Приходя в читальню, она забирала у конторки сразу стопку книг, предвкушая долгие вечера.
Принесла домой «Историю одного города» – чтобы посмеяться над абсурдом, за которым так явно проступала тупая казенная сила, готовая раздавить любого, у кого нет протекций.
Снова перелистала «Отцов и детей» – чтобы с тоской спросить у книги: «Базаров, вы так хотели быть свободным от всего мира – но остались в плену у собственного одиночества.

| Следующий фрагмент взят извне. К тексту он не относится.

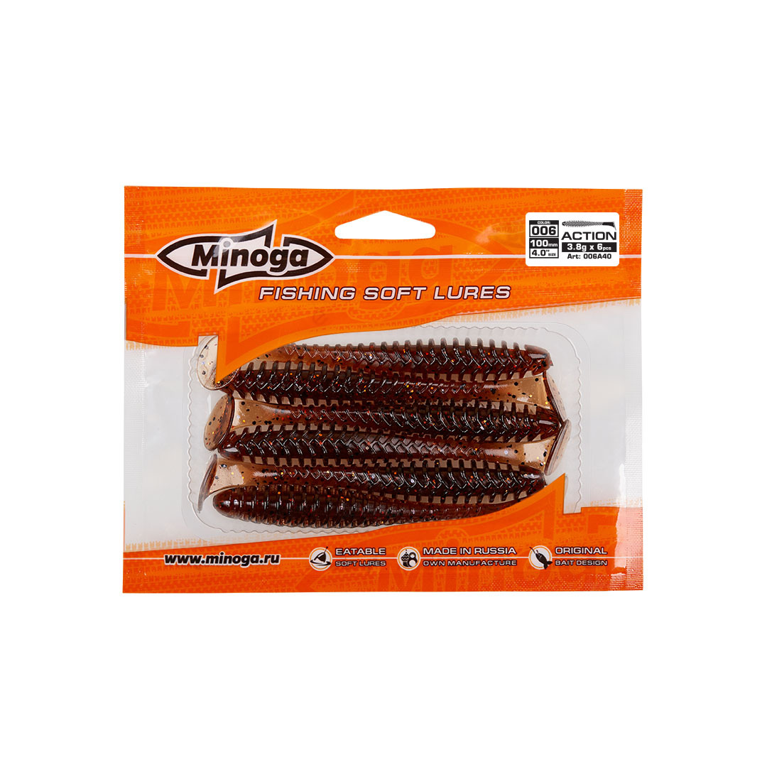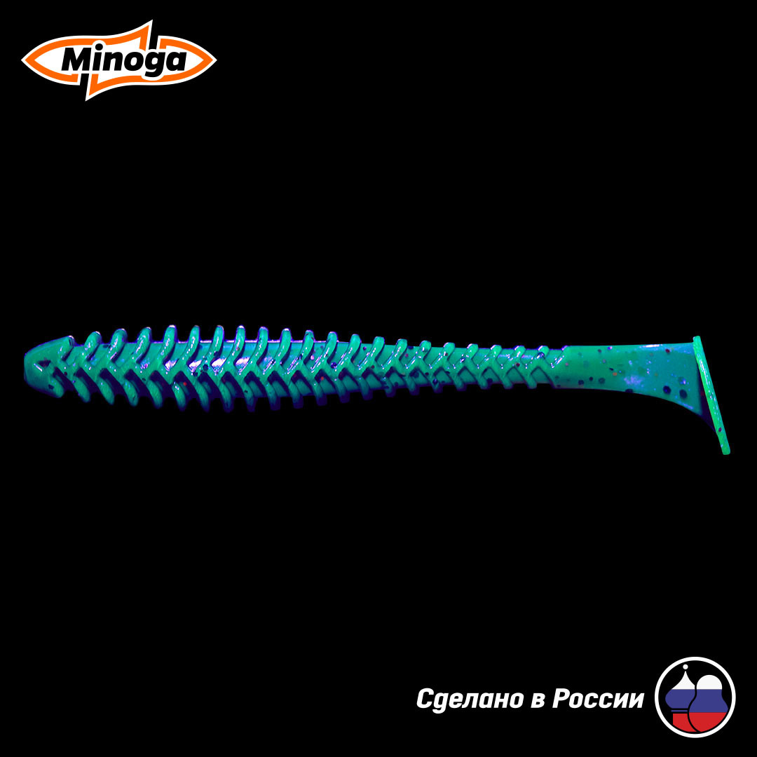 Виброхвост Minoga ACTION имеет удлиненное ребристое тело, которое создает шумы в водной среде, заставляя тем самым, обратить на себя внимание любому, даже самого пассивному хищнику. Приманка работает даже при самой медленной проводке! Action делается, как и все приманки MINOGA из мягкого съедобного силикона, с содержанием как вкусовой, так и ароматической добавки. Основным объектом ловли на данную приманку является окунь, судак и щука.  Эту приманку можно использовать на всех типах джиговых монтажей такие как: Джиг-головка, Шарнирный монтаж с разборной чебурашкой, Поводковые оснастки, Джиг-риг, Дроп-шот итд.
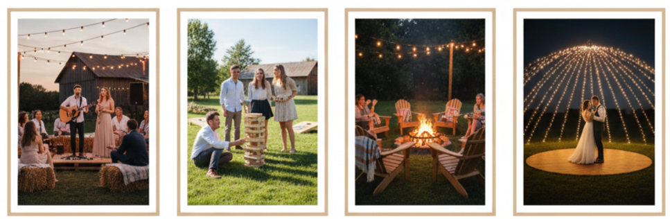Rustic weddings thrive on movement, interaction, and comfort, and these activities enhance the experience.

А есть ли иной путь к свободе?»
Раскрыла «Обломова» – и мучилась вопросом: «А что, если и во мне, на самом дне души, дремлет эта страшная, сонная апатия? Это желание укутаться в шаль, забиться в угол и позволить жизни течь мимо?»
И еще – «Сказки» Пушкина – для души, «Историю России» Соловьева (тринадцатый том, про Россию перед эпохой преобразований) – для подготовки к курсам, и «Семейную хронику» Аксакова, – и читая ее, думала: «У других людей есть корни, родовое гнездо. А у меня – только я сама. И память об отце, который кашлял в соседней комнате».
Как-то раз, возвращаясь из Румянцевской библиотеки, она остановилась у лоточника у Пречистенских ворот. Купила за две копейки сероватый бумажный фунтик с мелким монпансье.
– Чтобы не чувствовать себя совсем уж затворницей, – сказала она вслух сама себе и улыбнулась.
В другой день, спускаясь по ступеням, она вдруг встретила Илью.
Уже был апрель, снег сошел, но в тени переулков было еще прохладно. Весеннее солнце слепило глаза, но ветер еще задувал за ворот.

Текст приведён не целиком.